WORK ORDER -> Reproduce the full listing below unchanged, apart from the pictures.

DATA SHOWN ->

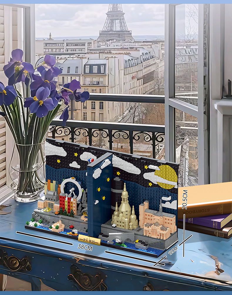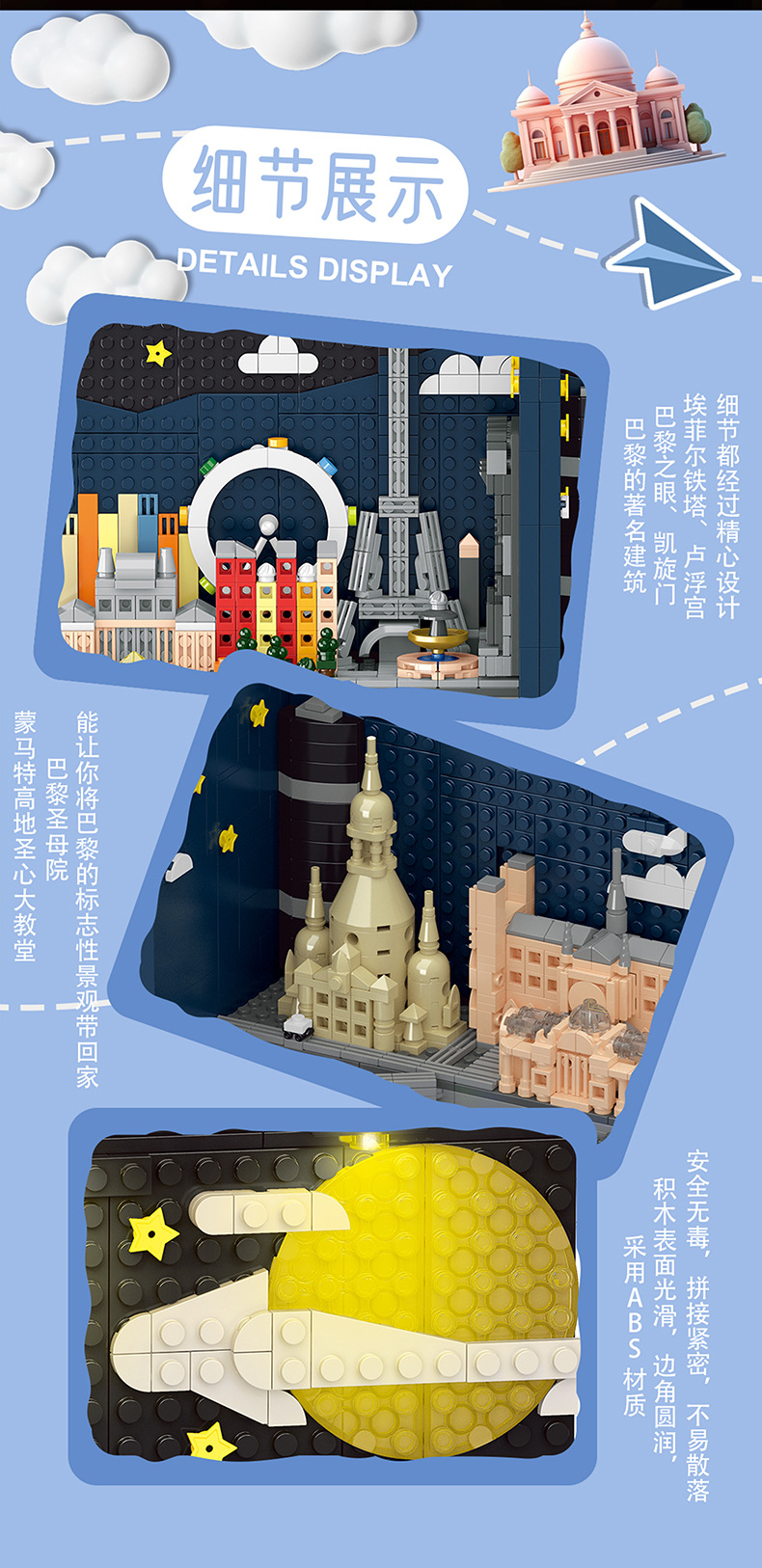 Moke 프랑스 파리 도시 스트리트 뷰 장식품 작은 입자 조립 교육 빌딩 블록 조립 장난감 028009
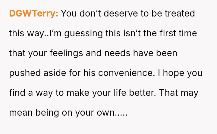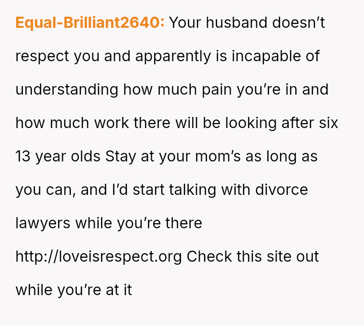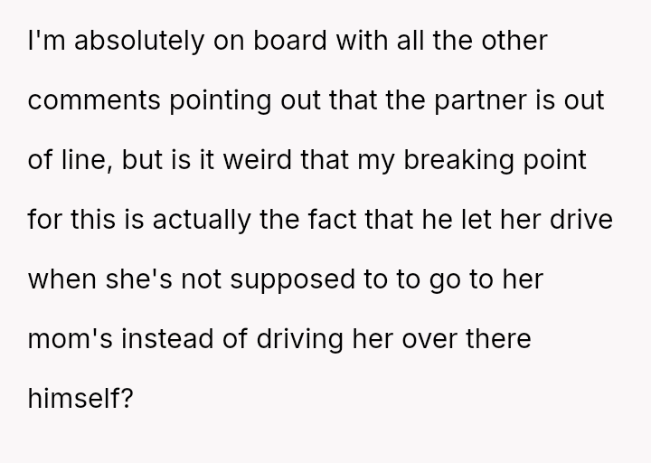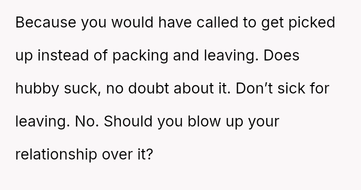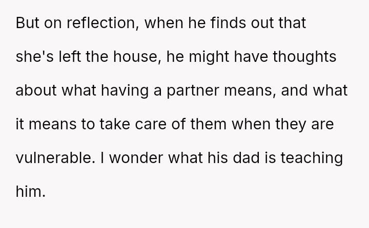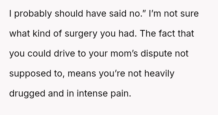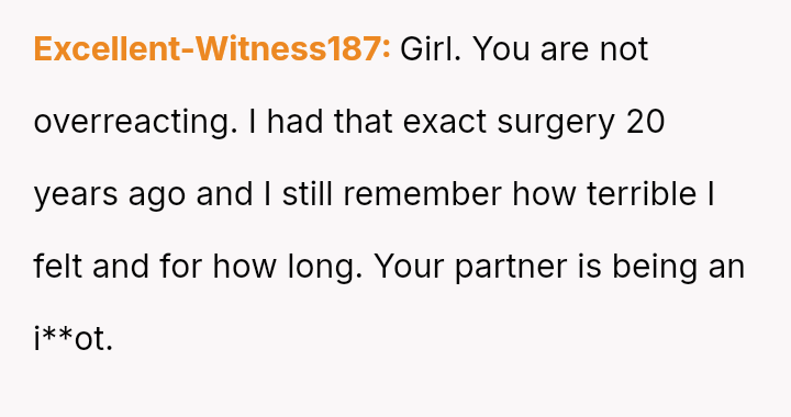 Given the acute physical recovery required after major surgery versus the partner's failure to prioritize his partner's well-being, was the OP justified in immediately leaving to stay with her mother, or would constructive communication have yielded a better outcome than abruptly deserting the situation?
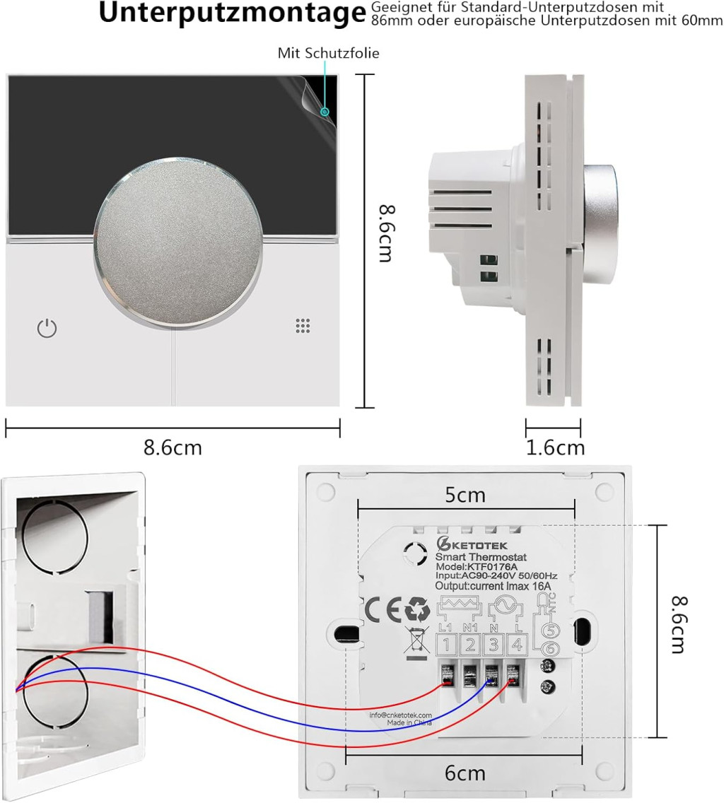 KETOTEK Smart Electric Heating Thermostat este o soluție inteligentă pentru reglarea automată a încălzirii electrice în pardoseală. Acest termostat de 16A se conectează la internet prin WiFi, permițând integrarea în sistemele de tip smart home și controlul prin aplicația mobilă. Dispozitivul vine cu dimensiuni de 86x86x17 mm, într-un design încastrat în perete, și funcționează la o tensiune de AC 90-240V 50/60Hz.
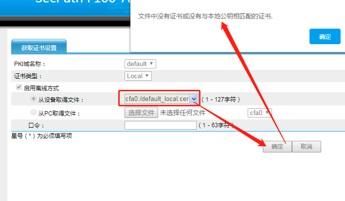 选用设备默认自签名的本地证书加载到内存时报错:文件中没有证书或没有与本地公钥相匹配的证书。

RESPONSE ->
 Moke 프랑스 파리 도시 스트리트 뷰 장식품 작은 입자 조립 교육 빌딩 블록 조립 장난감 028009
 Given the acute physical recovery required after major surgery versus the partner's failure to prioritize his partner's well-being, was the OP justified in immediately leaving to stay with her mother, or would constructive communication have yielded a better outcome than abruptly deserting the situation?
 KETOTEK Smart Electric Heating Thermostat este o soluție inteligentă pentru reglarea automată a încălzirii electrice în pardoseală. Acest termostat de 16A se conectează la internet prin WiFi, permițând integrarea în sistemele de tip smart home și controlul prin aplicația mobilă. Dispozitivul vine cu dimensiuni de 86x86x17 mm, într-un design încastrat în perete, și funcționează la o tensiune de AC 90-240V 50/60Hz.
 选用设备默认自签名的本地证书加载到内存时报错:文件中没有证书或没有与本地公钥相匹配的证书。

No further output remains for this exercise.